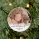 Classy Red Baby's 1st Christmas 2 Photo Name Ceramic Ornament
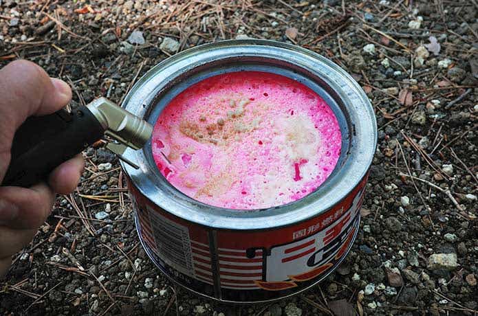 主成分は青い固形燃料と同じメタノールで、色の違いはあるものの主成分としての違いはないようです。そのメタノールを石鹸と似たような作り方で固めているのだとか。
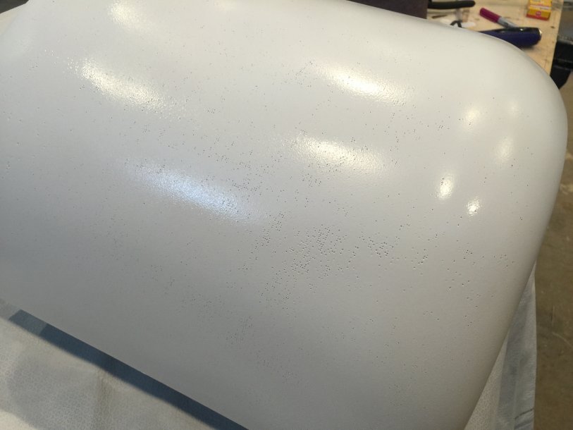 Pinholes, fun, fun, fun!Three coats of primer are on now! Can you see what I see??
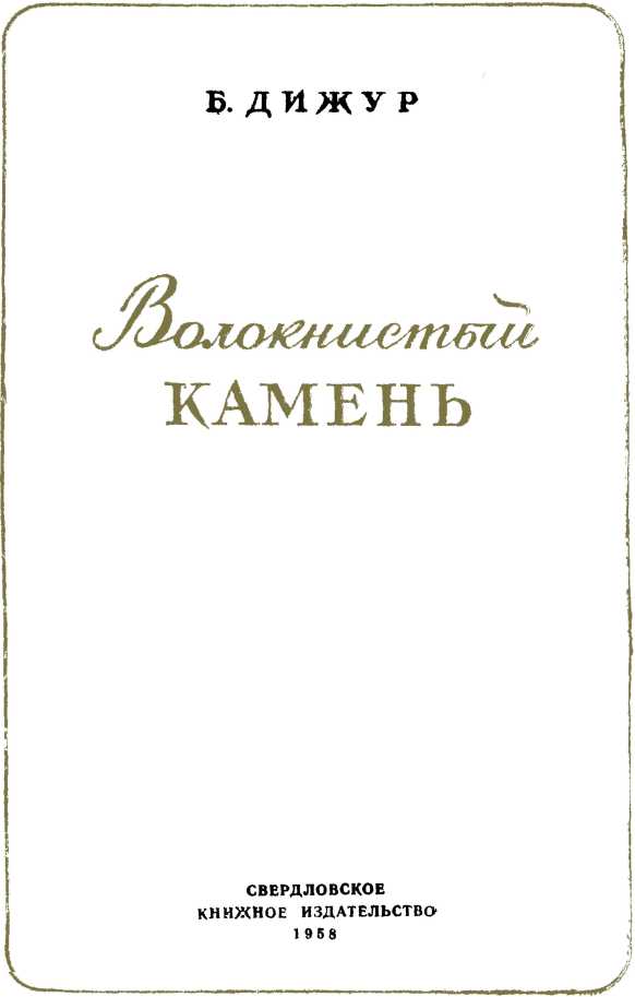 О чем эта книга? И что это за волокнистый камень? Разве такие существуют? — спросит тот, кто никогда не держал в руках кусочка асбеста. Но если вам доводилось видеть асбест, то вы согласитесь, что такое название очень к нему подходит.
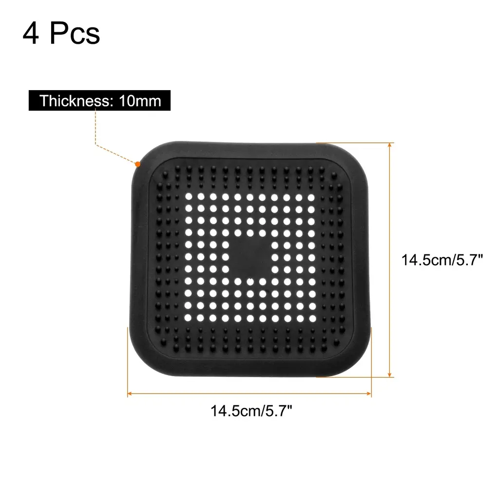 Shower Drain Hair Catcher 5.7" Dia Square Shower Drainer For Bathroom - Black - 4Pcs
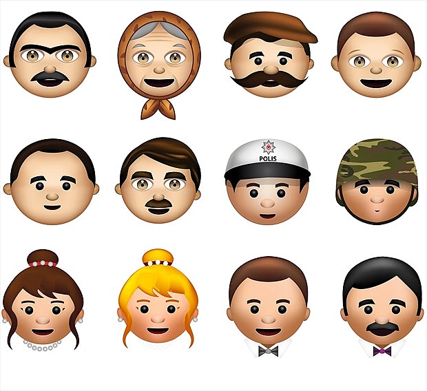 "Sultanahmet Camisi, baba, anne, gelin, damat, sünnetli çocuk, polis, asker, cezve, kazma, arkasından su dökmek, darbuka, çay, bıyıklı, gülen ve şaşırmış adam, vapur, simit, sucuklu yumurta ve gol ikonu."
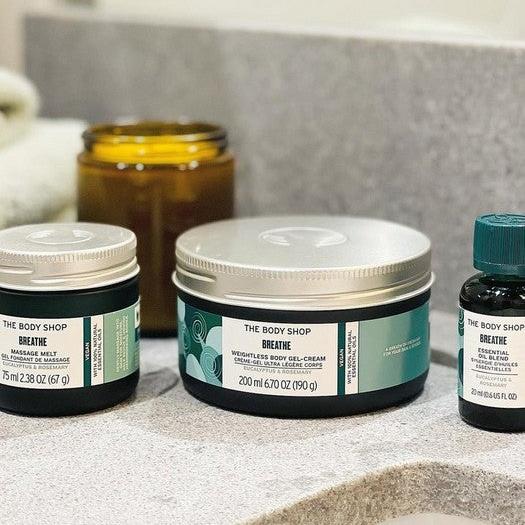 - Beginne mit einem Peeling und einer Reinigung mit unserem Breathe Whisked Body Polish und dem Breathe Purifying Hair & Body Wash.
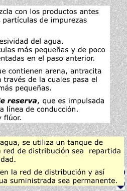 Floculación: donde el agua se mezcla con los productos antes mencionados, los que recogen las partículas de impurezas presentes en el agua. _ Ajuste de pH, para evitar la agresividad del agua. _ Filtración: Se retienen las partículas más pequeñas y de poco peso, que no pudieron ser sedimentadas en el paso anterior. Este proceso ocurre en filtros, que contienen arena, antracita y piedras de diferentes tamaños a través de la cuales pasa el agua y se retienen las partículas más pequeñas. El agua filtrada va a un tanque de reserva, que es impulsada por la estación de bombeo hacia la línea de conducción. En este punto se le agrega cloro y flúor. Para asegurar el suministro del agua, se utiliza un tanque de reserva, para que a través de la red de distribución sea repartida a los diferentes puntos de la ciudad. Se realiza Control de Calidad en la red de distribución y así garantizar que la calidad del agua suministrada sea permanente.
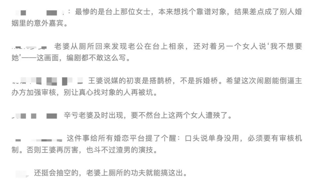 此时,台下一名女子现身自称是该男子妻子。男子则回应“我不想要她,不想跟她结婚”,引发“王婆”当场怒斥其为“渣男”。
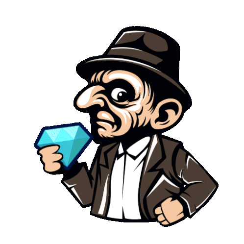 Cartoon character Jewwifhat, wearing a fedora and suit, intensely holds a sparkling blue diamond to his mouth, symbolizing 'diamond hands'.
- - -
**PROBLEM TO SOLVE:** In the records above, copy exactly everything from the line that has "gelin, damat, sünnetli" down to the line that has "- Beginne mit", both ends included, and leave out the pictures.

**OUTPUT OF THE EXERCISE:**
 "Sultanahmet Camisi, baba, anne, gelin, damat, sünnetli çocuk, polis, asker, cezve, kazma, arkasından su dökmek, darbuka, çay, bıyıklı, gülen ve şaşırmış adam, vapur, simit, sucuklu yumurta ve gol ikonu."
 - Beginne mit einem Peeling und einer Reinigung mit unserem Breathe Whisked Body Polish und dem Breathe Purifying Hair & Body Wash.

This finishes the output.